Ibiza’s biggest clubs are not solely dependent on their own revenues, since several belong to larger corporations that also own hotels, restaurants and other assets. Most notably, Abel Matutes, a former Spanish politician who was mayor of Ibiza in the early 1970s, also built up a family property empire: their Palladium Hotel Group owns Ushuaïa — normally the site of shows from major dance artists like Calvin Harris and David Guetta — and Hï Ibiza (the former Space).

Financial firms have also invested in the island. In 2017, Pacha founder Ricardo Urgell sold the club’s holding group for 350 million euros to a private equity firm, Trilantic Capital Partners.

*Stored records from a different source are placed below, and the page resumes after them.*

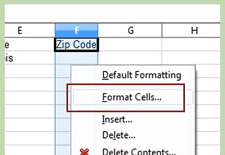 Format the zip code column. You will notice that the zip with the leading zero is not showing the zero. Right click on the F column and then select Format Cells...Create an Address Book Using Open Office Calc Step 9Bullet1.jpg Select the Numbers tab.Create an Address Book Using Open Office Calc Step 9Bullet2.jpg Select Number under the Category section.Create an Address Book Using Open Office Calc Step 9Bullet3.jpg Under Format, click General.Create an Address Book Using Open Office Calc Step 9Bullet4.jpg In the leading zeros box, change the number 1 to 5Create an Address Book Using Open Office Calc Step 9Bullet5.jpg This is how everything should look.Create an Address Book Using Open Office Calc Step 9Bullet6.jpg
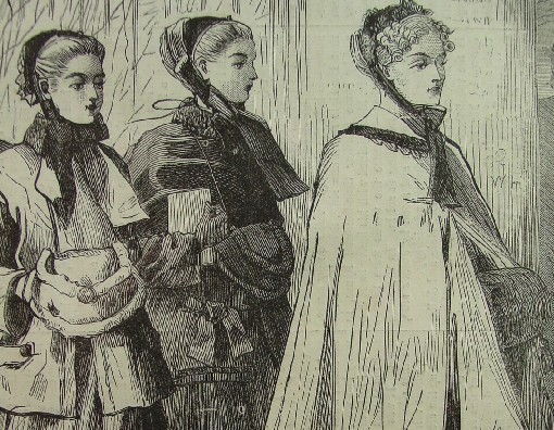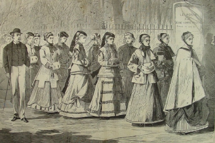 This is an original 1868 wood engraving by Winslow Homer that pictures a parade of young women on their morning walk on the boulevard. Below is a close-up of the ladies at the front of the line
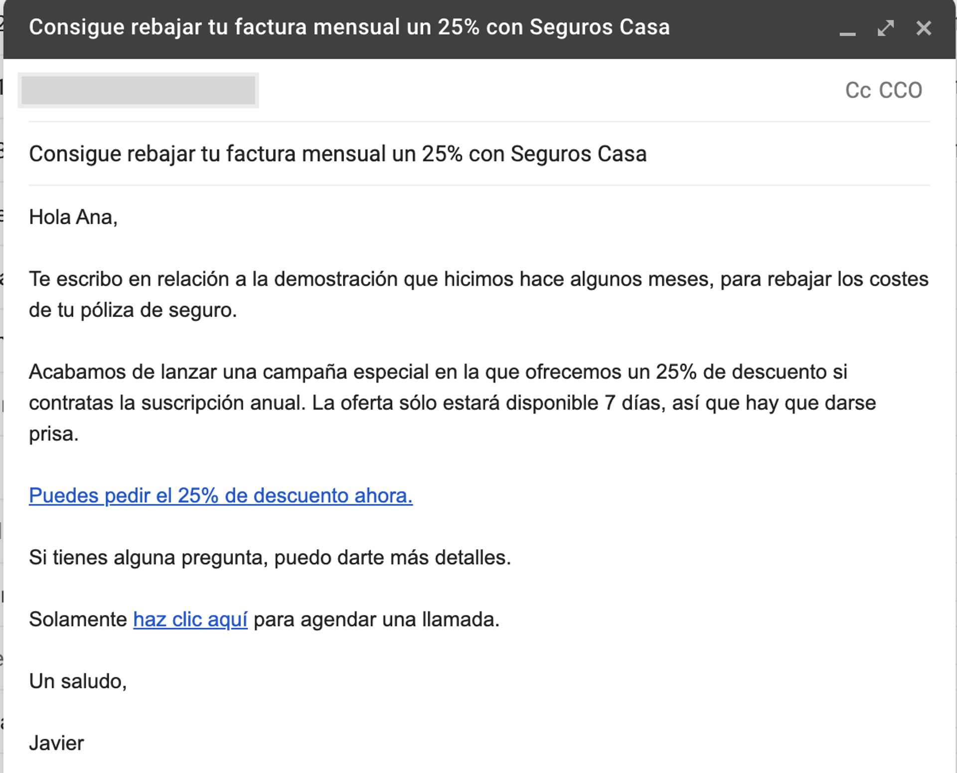 Esta vez, la propuesta de valor es clara: cuando hablen, Javier le mostrará a Ana cómo el plan puede ahorrarle un 30 % en sus facturas mensuales. Una oferta como esa puede hacer maravillas en cuanto al compromiso de Ana con la cita agendada.

Some clubs have also expanded beyond the island. Amnesia, owned by the Martin Ferrer family, has promoted non-Ibiza events this summer, including in Croatia, and has held seated music events in a smaller Ibiza venue, Cova Santa, while its main club remained shuttered.

Seated events at Ushuaïa and Cova Santa have taken place with reduced capacity, social distancing and face masks — in a setting and on a scale that bears little resemblance to the experience of a packed dance floor.

Troxler worries that COVID-19 restrictions and illegal villa parties are adding fuel to a multi-year campaign by local officials to tame the island’s hedonistic club culture and make the island a more family-friendly destination for tourists.

“The typical kind of clubbing spirit that embodied Ibiza for so long based on music and freedom, that’s the thing that’s really being kind of suppressed,” he says. “This is devastating for club culture as a whole.”